Toen de Báb zich verklaarde was Bahá’u’lláh onmiddellijk overtuigd dat Hij de Ware gezondene van God was, en zonder Hem ooit te ontmoeten werd Hij zijn vurigste volgeling. In 1853, drie jaar na de terechtstelling van Zijn Meester, leidde één van de vele pogroms tegen de volgelingen van de Báb ertoe dat Hij, die de gelovigen met “de Gezegende Schoonheid” begonnen aan te spreken, ook gevangen gezet werd.

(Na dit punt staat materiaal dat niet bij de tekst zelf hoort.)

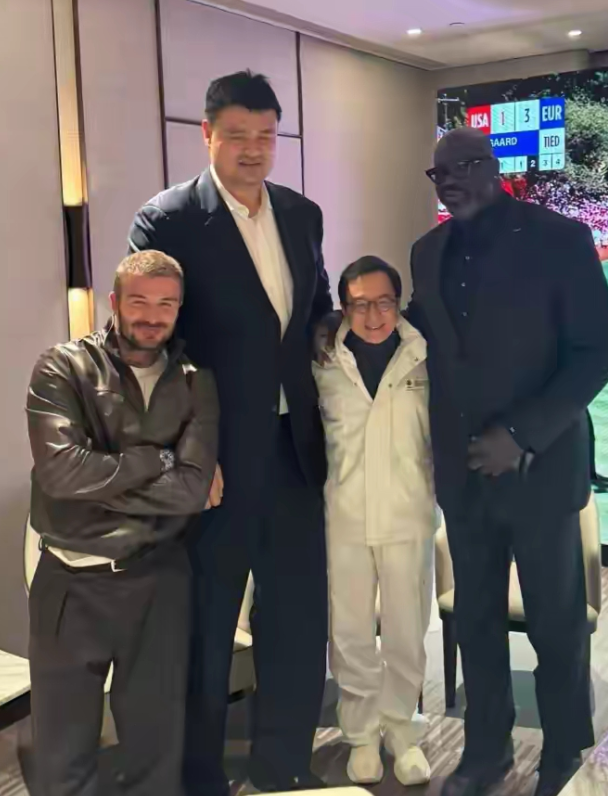 姚明超大,奥尼尔有点像“金刚”,贝克汉姆最帅,成龙小鸟依人。

Het was gedurende deze hardvochtige opsluiting in de kerkers van de Sjah dat Hij de goddelijke openbaring ontving , die Hem uitverkoor tussen alle mensen als de Grote Leraar die door de Báb was voorspeld, de Beloofde van alle Godsdiensten. Hij vertelde niemand iets van de openbaring, hoewel velen de grote verandering opmerkten bij Diegene die ze spoedig beschouwden als hun Verdediger en Beschermer. Tien jaar moesten voorbij gaan voor Bahá’u’lláh zichzelf openbaarde aan de verbannen gemeenschap van de Báb als de Manifestatie van God voor deze tijd, bestemd om heel de mensheid te verenigen in één familie en één geloof. Vanaf die tijd werd hij Bahá’u’lláh genoemd, wat “Glorie van God” betekent.
Voor Bahá’u’lláh, Zijn familie en gezellen begon een tijd van vervolging en verbanning die Hem van Iran naar Bagdad in Irak, dan naar Constantinopel, hoofdstad van het Ottomaanse rijk en tenslotte naar de gevangenisstad Akka, nu deel van Israel, maar vroeger Palestina, zouden brengen. Hoewel veracht en gevreesd bij Zijn aankomst, werd Bahá’u’lláh spoedig het doel van diepe bewondering en respect in de streek. En ofschoon Hij officieel nog altijd een gevangene was, bracht Hij de laatste jaren van Zijn leven door in relatieve vrijheid in een herenhuis te Bahji, dichtbij Akka, waar Hij overleden is in 1892 en waar zijn stoffelijke resten werden begraven. Het is nu de heiligste plaats op aarde voor de Bahá’í-wereldgemeenschap, het punt waarnaar alle gelovigen zich keren bij het dagelijks gebed.